**What needs to be done**
Transcribe the line holding "Износостойкие резиновые колёса" together with every line after it, through the end of the records, exactly and with no pictures.

*** Opening The data ***

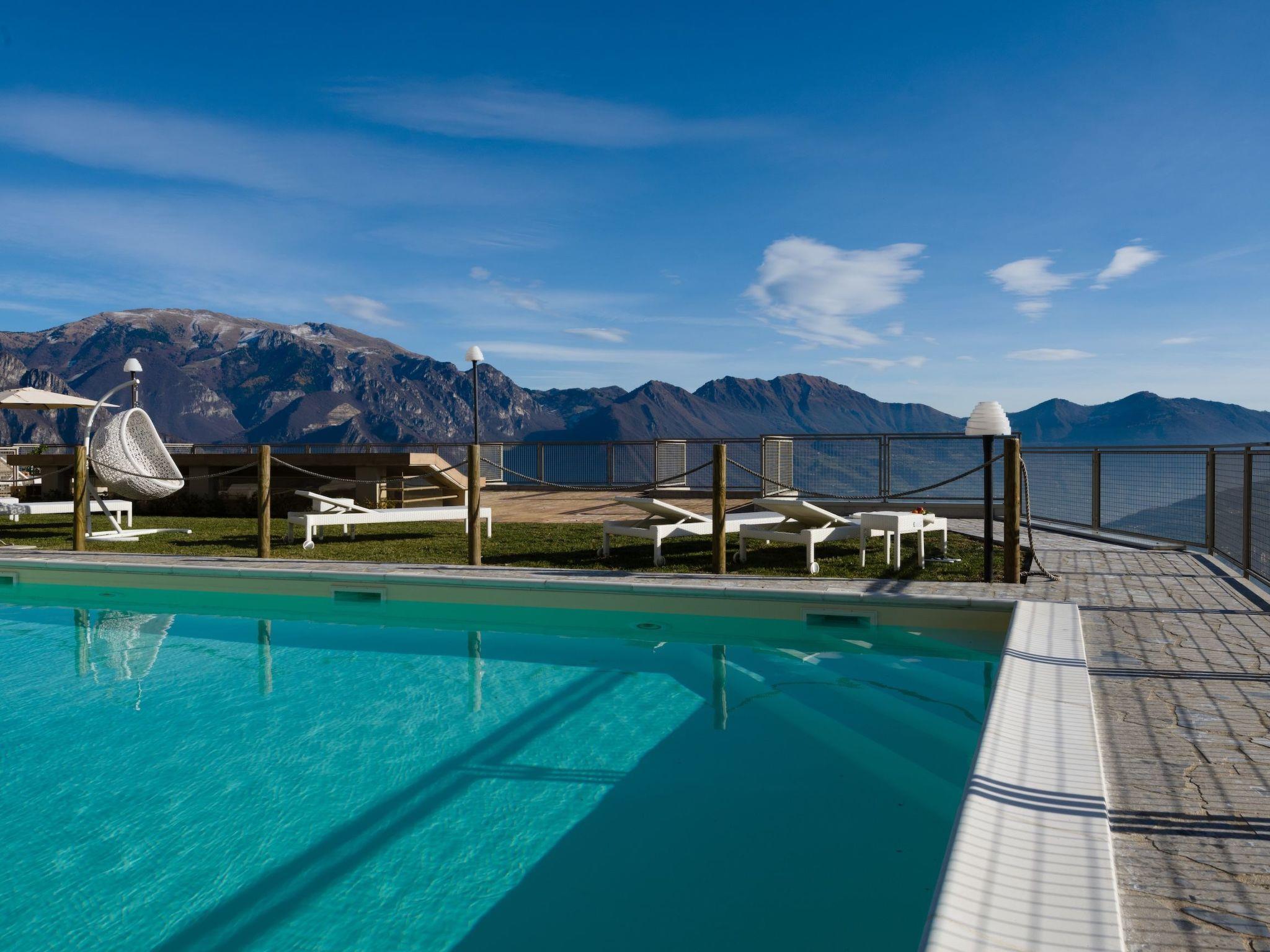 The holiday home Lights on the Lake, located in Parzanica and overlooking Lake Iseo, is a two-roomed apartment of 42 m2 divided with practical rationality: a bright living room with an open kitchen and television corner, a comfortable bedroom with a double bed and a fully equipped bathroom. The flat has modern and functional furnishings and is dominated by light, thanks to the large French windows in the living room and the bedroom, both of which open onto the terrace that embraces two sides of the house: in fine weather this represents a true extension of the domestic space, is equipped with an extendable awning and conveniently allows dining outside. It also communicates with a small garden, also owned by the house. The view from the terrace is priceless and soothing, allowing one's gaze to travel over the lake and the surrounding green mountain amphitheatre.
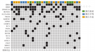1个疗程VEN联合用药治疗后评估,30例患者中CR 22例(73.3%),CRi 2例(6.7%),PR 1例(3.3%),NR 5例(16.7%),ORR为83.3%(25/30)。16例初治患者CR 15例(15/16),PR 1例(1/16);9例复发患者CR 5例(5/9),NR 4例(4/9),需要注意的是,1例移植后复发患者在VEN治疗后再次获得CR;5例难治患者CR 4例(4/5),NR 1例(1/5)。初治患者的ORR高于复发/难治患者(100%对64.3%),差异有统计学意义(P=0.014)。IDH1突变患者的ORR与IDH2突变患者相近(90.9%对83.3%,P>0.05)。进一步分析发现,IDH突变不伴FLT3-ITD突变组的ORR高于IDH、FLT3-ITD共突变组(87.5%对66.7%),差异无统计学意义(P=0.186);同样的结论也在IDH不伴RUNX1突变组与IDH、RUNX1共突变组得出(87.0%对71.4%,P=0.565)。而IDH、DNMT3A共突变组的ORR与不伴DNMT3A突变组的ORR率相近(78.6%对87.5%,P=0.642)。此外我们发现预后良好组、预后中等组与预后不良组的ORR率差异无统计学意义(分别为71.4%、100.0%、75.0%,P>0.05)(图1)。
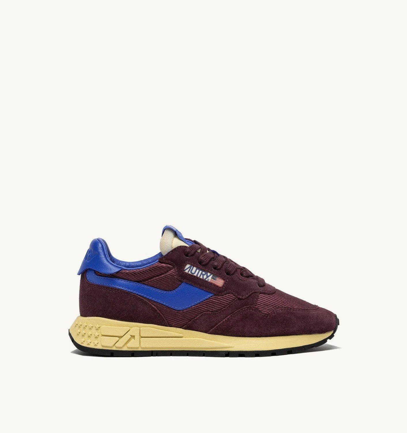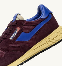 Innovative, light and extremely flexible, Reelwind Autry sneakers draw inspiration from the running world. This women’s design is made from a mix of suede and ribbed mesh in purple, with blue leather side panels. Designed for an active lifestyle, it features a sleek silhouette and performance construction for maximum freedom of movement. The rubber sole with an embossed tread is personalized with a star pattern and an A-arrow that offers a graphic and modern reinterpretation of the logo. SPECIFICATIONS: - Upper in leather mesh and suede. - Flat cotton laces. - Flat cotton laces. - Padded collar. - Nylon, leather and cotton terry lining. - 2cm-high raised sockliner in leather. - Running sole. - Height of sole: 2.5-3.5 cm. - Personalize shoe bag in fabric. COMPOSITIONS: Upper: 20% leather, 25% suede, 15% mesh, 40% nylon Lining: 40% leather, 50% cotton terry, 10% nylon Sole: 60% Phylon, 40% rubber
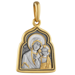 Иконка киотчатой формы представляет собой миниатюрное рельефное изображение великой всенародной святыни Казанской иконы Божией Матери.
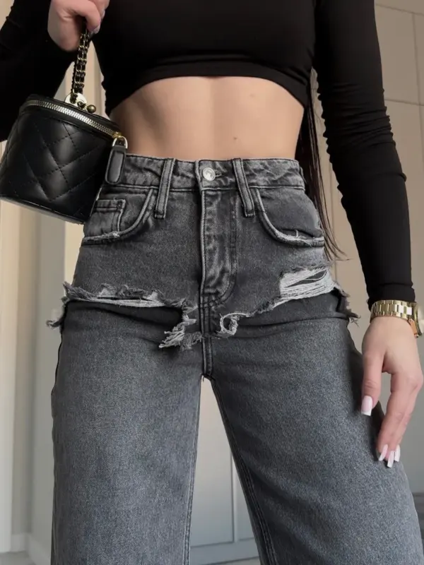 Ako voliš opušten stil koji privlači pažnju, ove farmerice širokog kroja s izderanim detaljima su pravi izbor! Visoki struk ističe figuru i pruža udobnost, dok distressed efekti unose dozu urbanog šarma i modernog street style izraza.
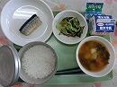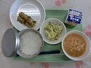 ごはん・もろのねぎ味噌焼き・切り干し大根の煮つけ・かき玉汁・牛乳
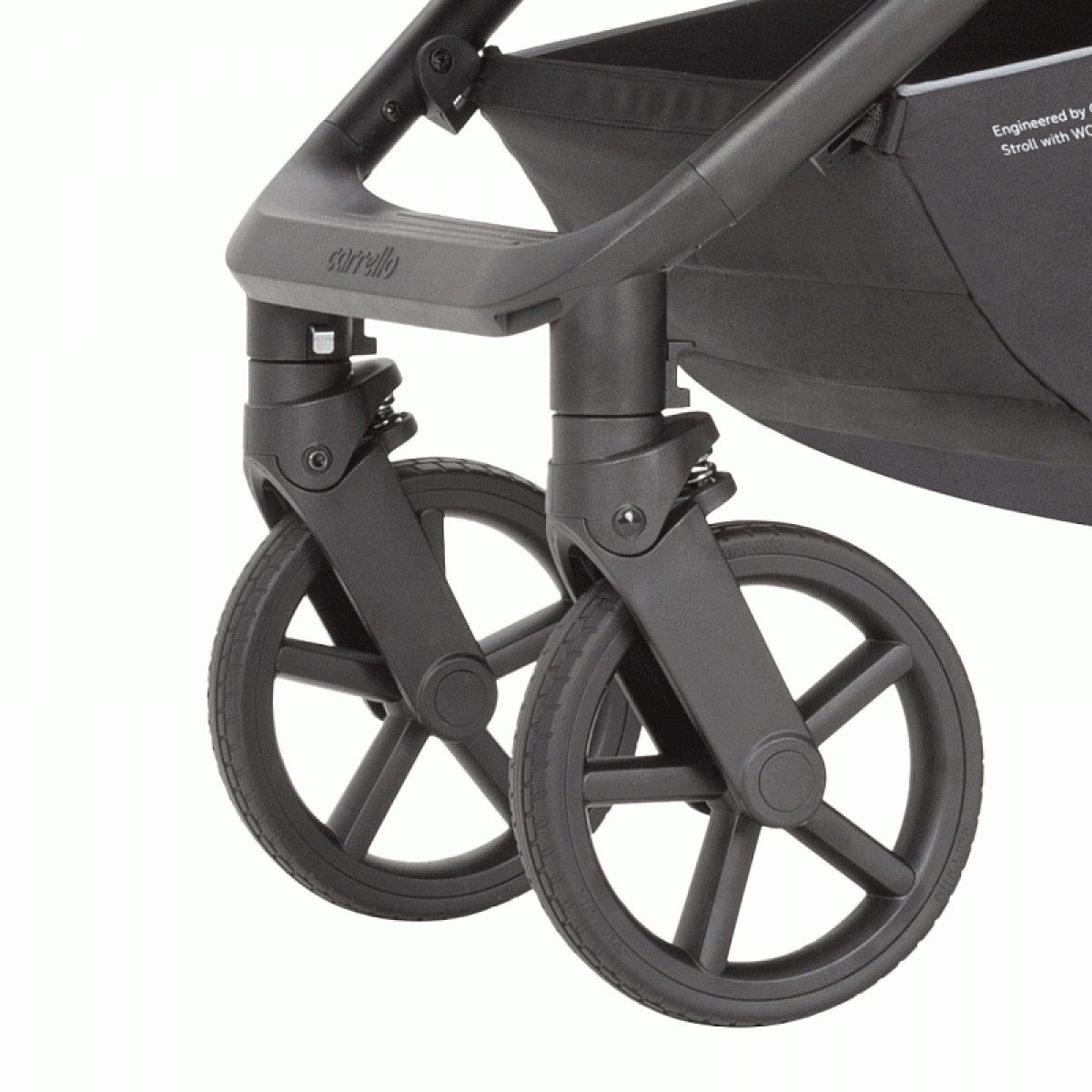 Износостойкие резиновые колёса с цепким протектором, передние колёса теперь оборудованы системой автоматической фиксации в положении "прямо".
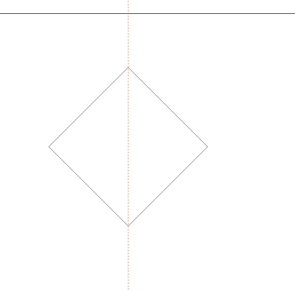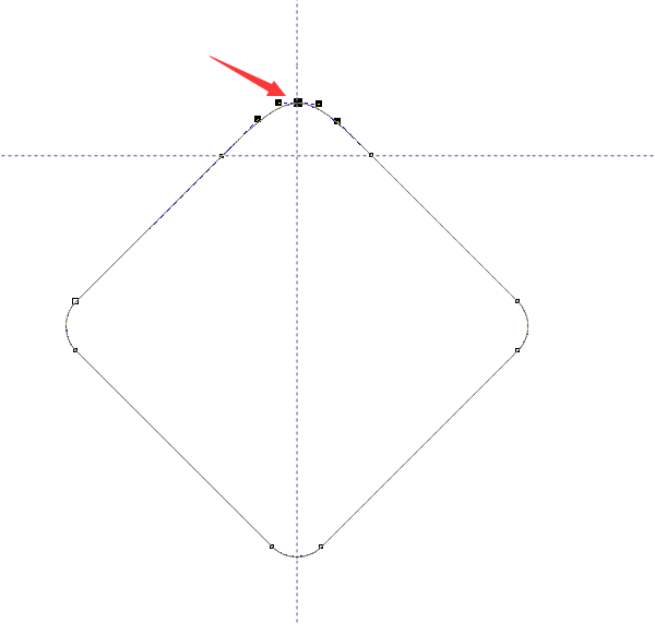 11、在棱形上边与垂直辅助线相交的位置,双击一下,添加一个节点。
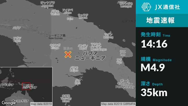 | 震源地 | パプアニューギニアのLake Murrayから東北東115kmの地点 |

*** Closing The data ***

**Finished task**
 Износостойкие резиновые колёса с цепким протектором, передние колёса теперь оборудованы системой автоматической фиксации в положении "прямо".
 11、在棱形上边与垂直辅助线相交的位置,双击一下,添加一个节点。
 | 震源地 | パプアニューギニアのLake Murrayから東北東115kmの地点 |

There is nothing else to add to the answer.